Praxisanleitung: Sauerstoff anbieten
Unter normalen Bedingungen reicht der Anteil an Sauerstoff in der Raumluft (21 %) aus, um alle physiologischen Vorgänge aufrechtzuerhalten. Durch das Anbieten von zusätzlichem Sauerstoff wird die Sauerstoffversorgung des Patienten verbessert, indem der Sauerstoffanteil der Einatemluft erhöht wird.
Abbildung: Piktogramm Sauerstoff anbieten
Indikation
Atemstörungen
Material
Sauerstoffflasche
Druckminderer
Sauerstoffapplikationshilfe
Pulsoximeter
gegebenenfalls Verlängerungsschlauch
gegebenenfalls Fingertip oder anderen geeigneten Adapter zur Verbindung von Sauerstoffapplikationshilfe und Verlängerungsschlauch
Durchführung
Die folgenden Durchführungsvorschläge beschreiben die Technik mit unterschiedlichen Sauerstoffapplikationshilfen:
Tracheostoma
Anmerkungen
Das Anbieten von Sauerstoff setzt eine ausreichende Eigenatmung des Patienten voraus. Atemfrequenz und Atemtiefe müssen daher sorgfältig beobachtet werden.
Bei der Sauerstoffgabe ist darauf zu achten, das der Patient eine atemerleichternde Lagerung einnimmt: halbsitzend, Oberkörper aufrichten, beengende Kleidung (zum Beispiel Krawatte) öffnen.
Eine Gefährtung durch Rückatmung von angesammelten ausgeatmetem CO2 im Raum unter der Maske, oft auch als Totraum bezeichnet, konnte nicht nachgewiesen werden. [1]
Ein Verlängerungsschlauch kann beispielsweise mit einem geschlossenen Fingertip eingefügt werden und bietet bei tragbaren Sauerstoffflaschen mehr Bewegungsfreiheit.
Reinigung des Sauerstoffsystems nur mit sauberem trockenen oder mit sauberem Wasser befeuchteten Tuch.
Immer einen Restdruck (mindestens 10 bar) in der Flasche lassen. Bei Bedarf ist die Sauerstoffflasche zu tauschen.
Mit einfachen Formeln kann der Sauerstoffflascheninhalt und Sauerstoffvorrat berechnet werden.
Alle Sauerstoffapplikationshilfen sind Einmalartikel und sind nach dem Gebrauch am Patienten fachgerecht zu entsorgen.

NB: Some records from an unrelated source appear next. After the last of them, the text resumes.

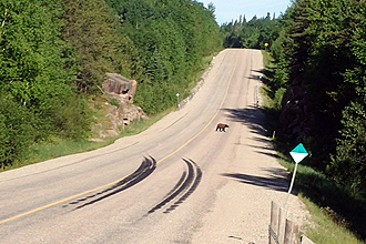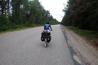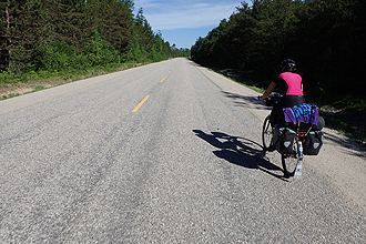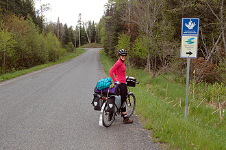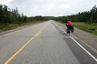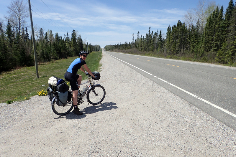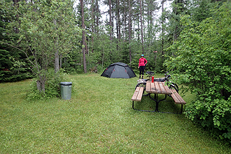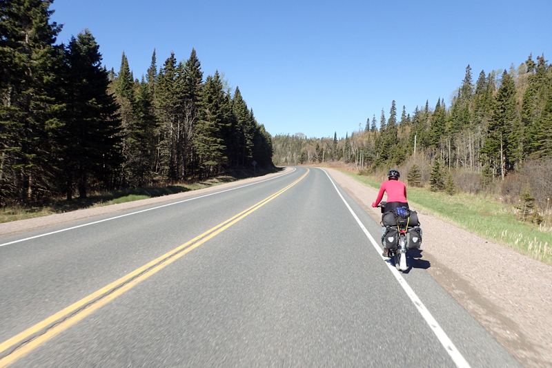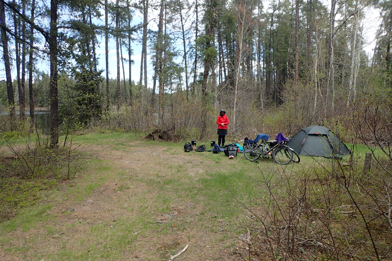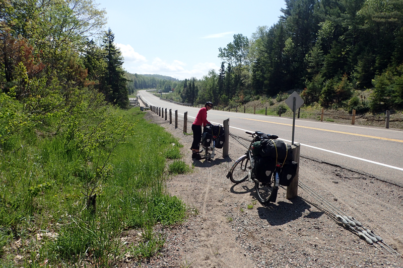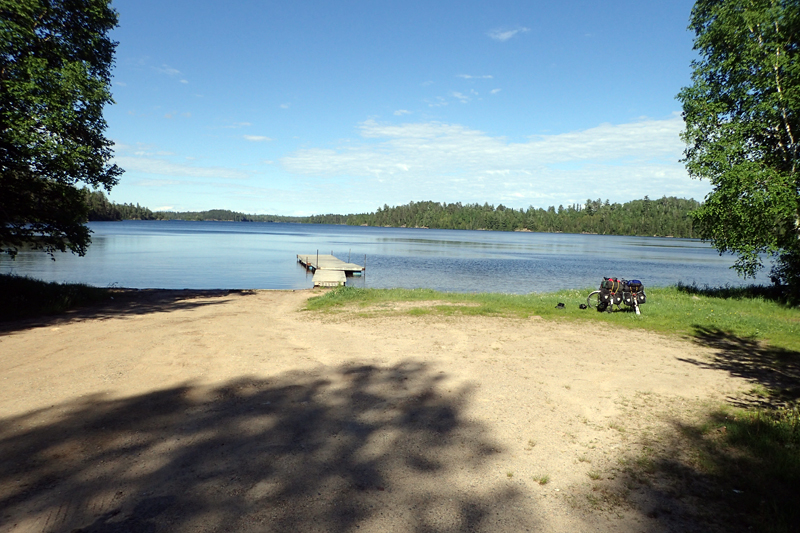 We arrived at our camp spot at about 1:30 pm which was early. The day's ride had been quite pretty with the forest all around as usual, but our legs are were tired from battling the headwind. We would however really recommend this route to cycle tourists. Most tourists stay on Highway 17 from Thunder Bay to Dryden, but when we think back to all the moose that we saw and the bear today, it made this detour really worthwhile. We spent the night on the Trans-Canadian Trail. It is mainly a canoe route in these parts and there looked to be a portage over the road from lake to lake. It is a bush campsite just off the road. Quite a few ticks once again but we are careful. Quite a few of the teeny sandflies too!
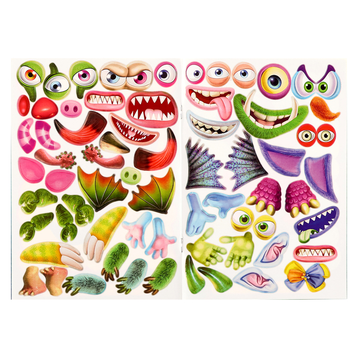 * 2 страницы с красочными наклейками, которые помогут создать уникальных монстриков на готовых шаблонах.
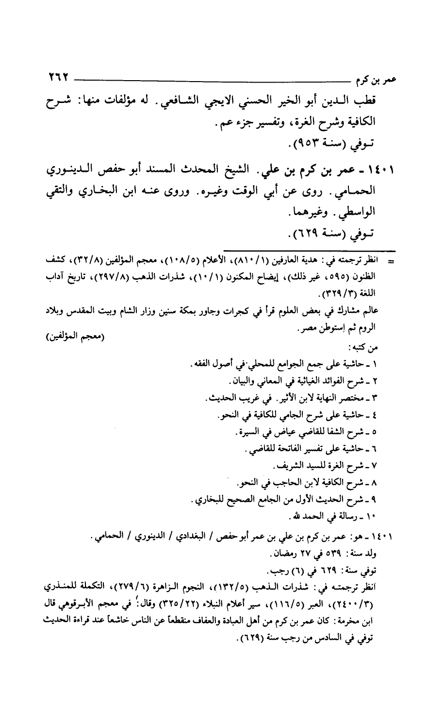 عمر بن كرم بن علي. الشيخ المحدث المسند أبو حفص الدينوري الحمامي. روى عن أبي الوقت وغيره. وروى عنه ابن البخاري والتقي الواسطي. وغيرهما توفي سنة 629.

Sauerstoffabgabemenge (Flussrate)
Die Sauerstoffgabe erfolgt nach Messung des Blutsauerstoffgehalt anhand folgender Zielbereiche: [2]
Patienten ohne Hyperkapnierisiko
Notfallpatienten ohne Risiko für hyperkapnisches Atemversagen sollen einen Blutsauerstoffgehalt von 94 % – 98 % erreichen.
Bleibt der Patient bei einer Flussrate unter 4 l/min Sauerstoff unter 94 %, besteht eine Notarztindikation.
Patienten mit Hyperkapnierisiko
Bei Patienten mit Hyperkapnierisiko (zum Beispiel COPD - chronic obstructive pulmonary disease, Asthma) kann es durch zu hohe Sauerstoffgabe zu relevanter Hypoventilation kommen. Daher liegt hier der Zielbereich für den Blutsauerstoffgehalt bei 88 % – 92 %.
Patienten mit chronischer respiratorischer Insuffizienz zum Beispiel bei COPD können an höhere Kohlendioxidpartialdrucke adaptiert sein, die unter normalen Umständen bereits symptomatisch wären. Ihr Atemantrieb wird dann vorwiegend durch den niedrigen Sauerstoffpartialdruck gesteuert. Eine zu 'aggressive' Sauerstoffgabe kann unter Umständen einen Atemstillstand auslösen. [3]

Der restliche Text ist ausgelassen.